With a hx of ETOH abuse, the hyponatremia may be as a result of cirrhosis of the liver...beer potomania could also go hand in hand with that (hyponatremia induced by massive consumptions of beer/dilute alcoholic beverages), although you did say he didn't have any ETOH or drugs in his system at the time. What did they do for a work up? Myxedema coma can have hyponatremia and also cause a decrease in your body temperature.

There IS an electrolyte shift in hypothermia - serum potassium usually decreases in the cool period and increases in the warming period, but in regards to hypothermia and it's correlation with sodium, I've read conflicting data on that - some have reported that serum sodium increases, some that it decreases. I'm guessing that in this case the hyponatremia caused the arrest and being down for so long, along with maybe underlying conditions, led to the hyponatremia?

It's also always ok to have more than one thing wrong with you. :)

I'm betting on the hyponatremia being related to excess fluid intake/hepatorenal disease, and the hypothermia to his being out cold (as in, unconscious) outdoors. Even if it's 96degF outside, if he's lying on a concrete or damp surface he will lose body heat to it.

The banana bag and whatever else you gave him was at room temp, and if you're in AZ that's air-conditioned room temp, so I would be really, really surprised if it warmed him up. :) It probably stressed him physiologically even more, because now he had to warm up all that stuff inside his skin, too. Warm blankets don't add much heat to anyone. Were you sure to put hot water bottles under them, around his hands, feet, groin, axillae, and head, and cover his head? Give him hot sweet (real sugar) stuff to drink, no caffeine, put some real calories in there for him to work with?

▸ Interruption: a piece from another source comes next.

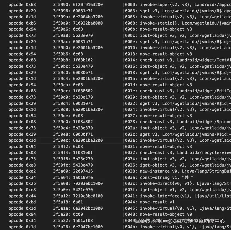 接下来就是通过dex索引查找函数一步步进行字节还原,需要手工对照一点点还原比较耗时;能否取巧结合ai方式进行还原,可以进一步实践;
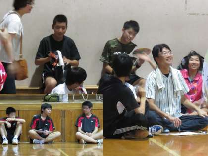 エアコンも扇風機もない暑い体育館ですが,熱心に応援しています。試合の進行と共に3年生を中心に次々に勝ち上がっていきます。

Next time you have a hypothermic, think about running his fluids through a blood warmer. Be really careful, though, to keep a close eye on the monitor and draw labs often because rewarming can cause acidosis and that can cause K+ shifts and cardiac arrhythmias. Slowly, slowly, slowly.

Specializes in ICU/ED.

:edit: In the last sentence of my first post, I meant led to the hypothermia

Specializes in Critical Care, ED, Cath lab, CTPAC,Trauma.

I have a thought.....I have seen hyponatremia and hypothermia in the presence of Ethylene glycol poisoning (anti-freeze)..being found face down and no drugs and alcohol.

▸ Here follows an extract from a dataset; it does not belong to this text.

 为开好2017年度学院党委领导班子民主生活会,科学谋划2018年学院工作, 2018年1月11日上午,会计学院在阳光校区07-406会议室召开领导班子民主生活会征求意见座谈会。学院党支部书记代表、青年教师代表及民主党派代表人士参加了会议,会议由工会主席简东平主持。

Both acute and chronic alcohol consumption can compromise kidney function, particularly in conjunction with established liver disease. Alcohol-related changes in the structure and function of the kidneys and impairment in the ability to regulate the volume and composition of fluid and electrolytes in the body.

Chronic alcoholic patients may experience low blood concentrations of important electrolytes as well as potentially severe alterations in the body acid-base balance. Alcohol can disrupt the hormonal control mechanisms that govern kidney function.........chronic drinking has further detrimental effects on the kidneys, including impaired sodium and fluid handling and even acute kidney failure.